Many veteran players on both sides of the ball played well in Saturday's scrimmage. Some of the Sun Devil newcomers showed much promise during that session as well, and reaffirmed the notion that the 2006 version of the football squad is the deepest it has been in several years. Case in point, safety Ryan McFoy had three pass breakups and tailback Dimitri Nance scored two touchdowns.

The 6-1 194 Ryan McFoy was declared by head coach Dirk Koetter as the best safety to ever be recruited by Arizona State in the last five years. If Saturday's performance is any indication, the Chino (Calif.) product will prove that statement to be absolutely true. "Our defense really stepped up today," he said. "We still have a lot of work to do, but we'll be ready for the season. It's very different than high school, but I've been trying to do my best. Being here all summer helped me adjust to everything, I started taking classes; I got into shape and started to learn the coverages."

His three pass breakups were indicative of how active the true freshman was in the defensive backfield. He was able to use his athleticism to be close to the ball, and once he got there he was unafraid to stick his nose and make the big hit or deflect a pass. "The safeties here are blitzing a lot and the whole scheme is like my high school," stated McFoy, "so I'm used to all this."

The safety says that even though his veteran teammates dish out the normal razzing a true freshman will receive, he does take it all is stride. After all, he has to stay concentrated on his game. "I'm trying not to redshirt and I think I have a good chance to play right away," he declared. "We'll see what happens; it's all up to the coaches."

Dimitri Nance probably came with the most accolades of any true freshman, and much like McFoy the 5-10 211 tailback showed that he's ready to live up to his high expectation right here, right now.

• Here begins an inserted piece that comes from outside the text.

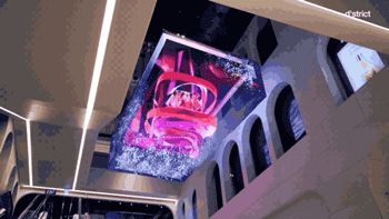 在商場(chǎng)的另一邊還有個(gè)貫穿了三層樓的大屏幕。

His 37-yard score showed not only power to run between the tackles, but also ample speed in the open field. "I feel real good right now," he said following the scrimmage. "I studied all my assignments and went in there just like I did in high school and ran hard. The biggest adjustment I had to do on this level is get used to the speed. You have to hit the hole faster than you did in high school."

Like with any other newcomer tailback, there's one aspect that Nance realizes will be paramount to him to master, if he hopes to contribute in 2006. "My main focus right now is to improve my pass blocking," he admitted. "That's one of the focal points in this offense. If I want to play, I have to pass block well."

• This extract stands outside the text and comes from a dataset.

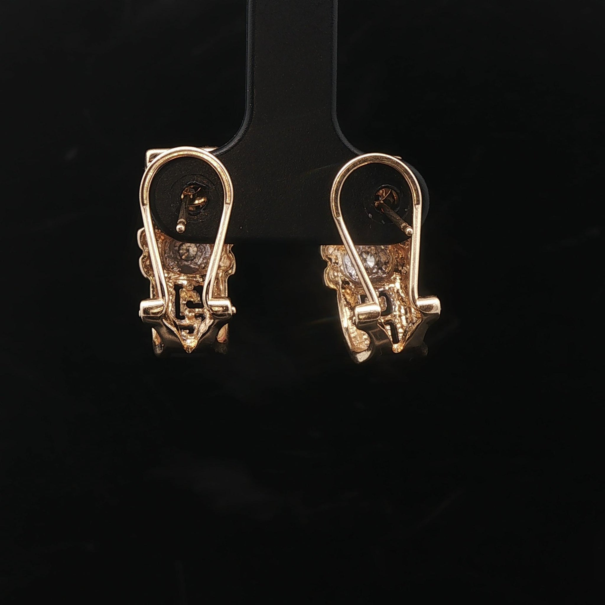 14k Yellow and White Gold Diamond Greek Key Huggie Earrings

Nance is part of the deepest running back groups at ASU in the last ten years. He knows that fact can translate into a stiff assignment to crack the rotation, but he also acknowledges how important it is to the overall good of the team. "If one player goes down, there's someone there to replace him," he commented. "It's great that we have so many good running backs. That's really gonna help us this season."

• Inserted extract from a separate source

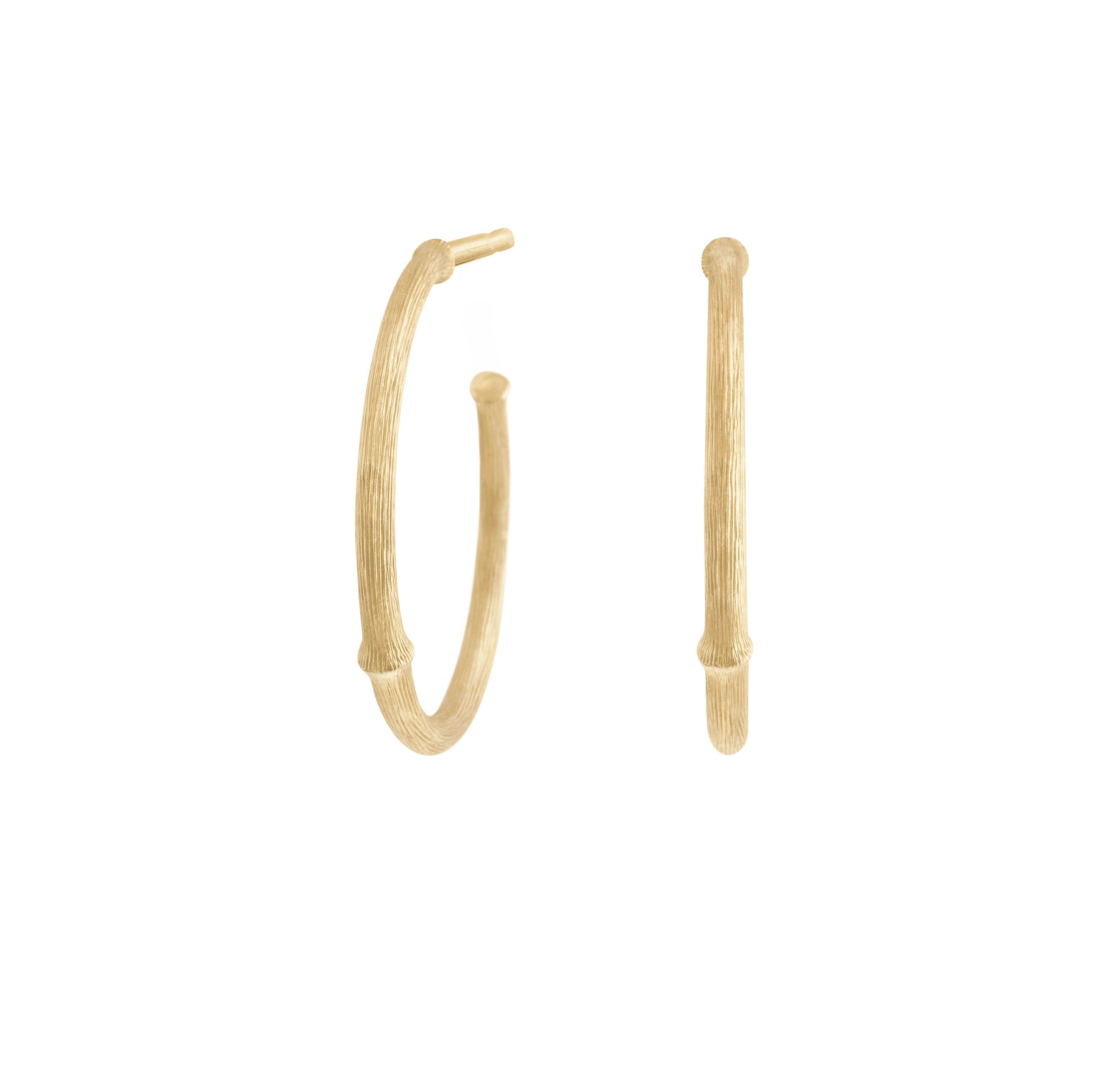 Designet af Charlotte Lynggaard. Disse Nature kreol øreringe medium er udført i 18 karat rødguld. Overfladerne på øreringene, der måler 21 mm i diameter, er håndsatinerede af professionelle guldsmede. Sælges som et par. En del af Nature Kollektionen.

One Camp T ritual involves the newcomers reading their bios from the media guide. The longer the bio, the more cat calls one has to endure. As the 5A player in Texas, the tailback's portion will definitely be one the longest to be read among the 2006 recruiting class. "No, I didn't have to read my bio yet," he remarked. "But the team is showing me a lot love and they want me to succeed. I just want to go in there and do what the coach tells me to do and help the team. After how I played today, I hope that I'm not redshirting."